Il Massiccio del Pollino rappresenta uno dei paesaggi montani più riconoscibili dell’Appennino meridionale e un’area di confine enologico tra Basilicata e Calabria. La viticoltura si concentra soprattutto nelle fasce pedemontane, nelle valli e nei versanti meglio esposti, dove l’altitudine contribuisce a definire un ambiente fresco, ventilato e ricco di escursioni termiche. Il clima mediterraneo, modificato dalla montagna, alterna estati luminose e asciutte a inverni freddi, con precipitazioni più regolari e neve sulle quote elevate. Queste condizioni favoriscono maturazioni lente, buona conservazione dell’acidità e profili aromatici nitidi.
La geologia è particolarmente articolata. Prevalgono formazioni calcaree e dolomitiche, spesso modellate da fenomeni carsici, affiancate da marne, argille, arenarie e depositi detritico-colluviali. I suoli, variabili anche a breve distanza, possono offrire drenaggio efficace, presenza di scheletro e una componente minerale capace di sostenere vini di tensione e carattere. Esposizione, quota e ventilazione completano un mosaico di microambienti nel quale la vite esprime differenze marcate tra valle e pendio.

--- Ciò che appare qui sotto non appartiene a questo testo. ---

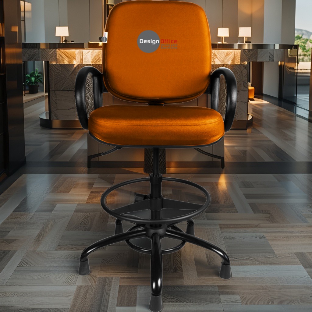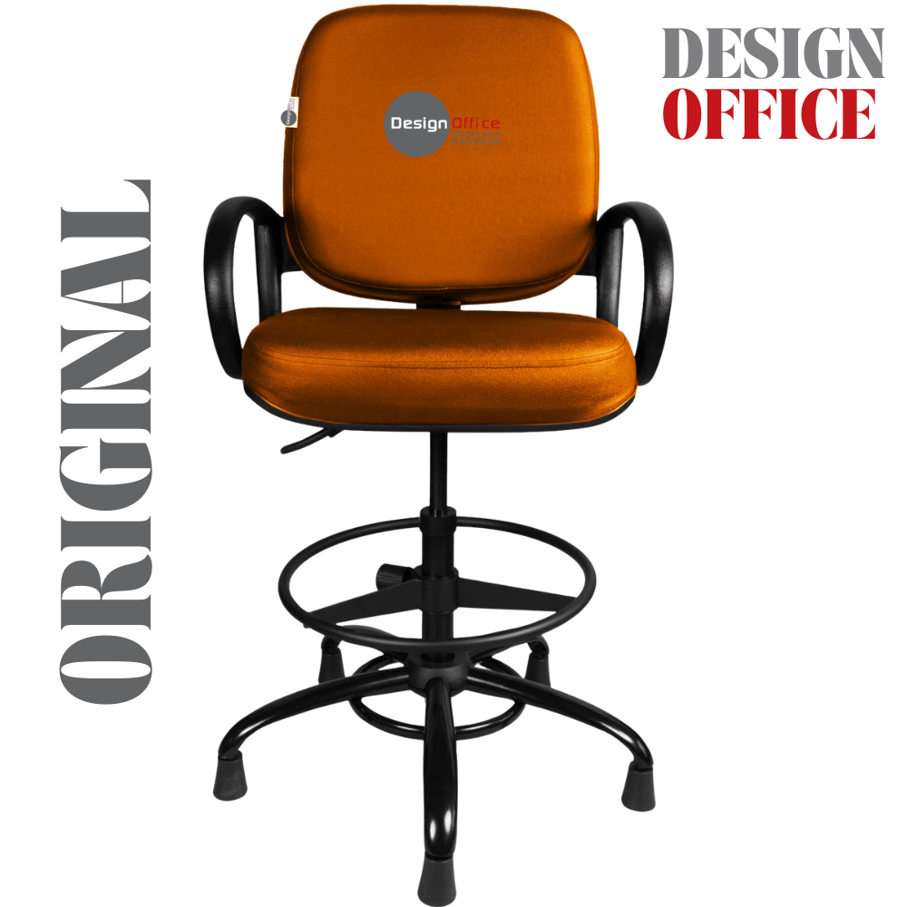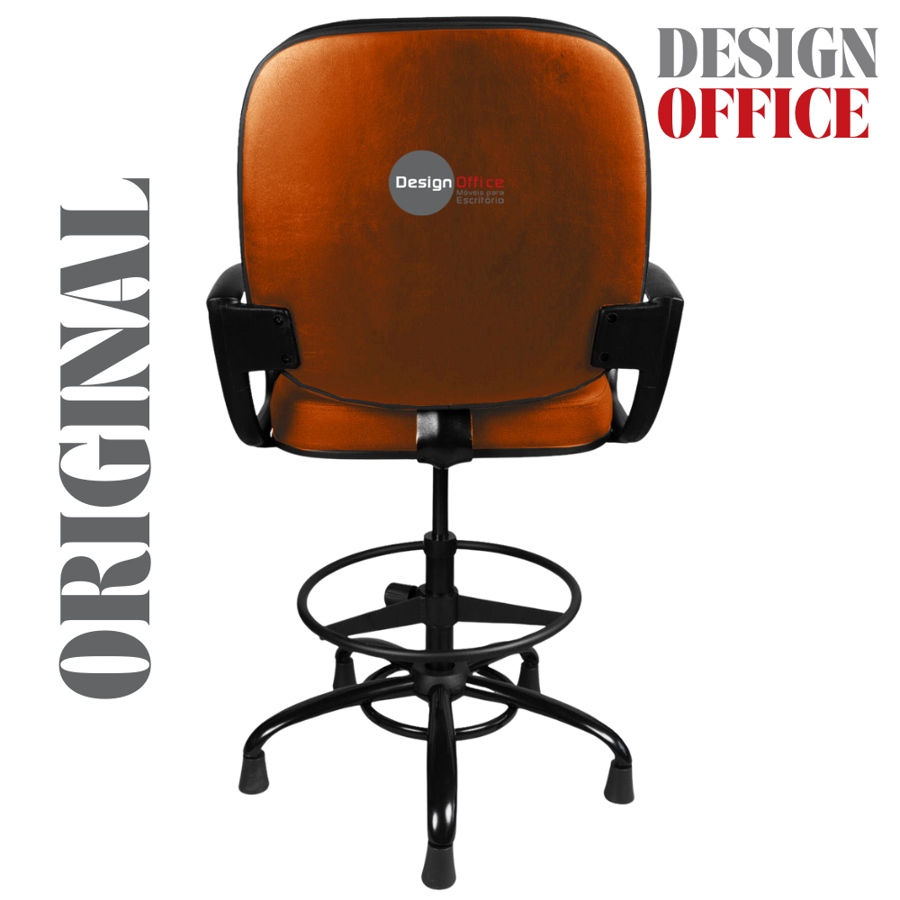 Cadeira Caixa Alta com Aro que Suporta até 250kg Giratória para Porteiros e Obesos, ideal para Portaria de Prédios e Condomínios Tonalidade da Cor do Assento e Encosto: Caramelo Marca: Design Office Móveis – Revestimento do Assento e Encosto: Material Sintético – Linha Plus Size

Nel patrimonio ampelografico del Pollino spiccano soprattutto Magliocco, Gaglioppo e Pecorello, vitigni legati alla tradizione locale e presenti anche in vigneti storici coltivati dalle comunità del territorio. I rossi, spesso ottenuti da uve a bacca nera autoctone, mostrano colore, struttura e una trama tannica sostenuta da note di frutti scuri, erbe mediterranee e spezie. I bianchi valorizzano invece freschezza, sapidità e profumi floreali o agrumati, mentre i rosati interpretano con immediatezza la componente ventilata e luminosa del paesaggio.
Le pratiche produttive mantengono un rapporto diretto con l’identità rurale: raccolte manuali, vinificazioni attente alla valorizzazione del frutto, uso dell’acciaio per preservare nitidezza e affinamenti più articolati per sviluppare complessità. Ne deriva una produzione territoriale riconoscibile, capace di unire freschezza montana, intensità mediterranea e memoria delle tradizioni contadine.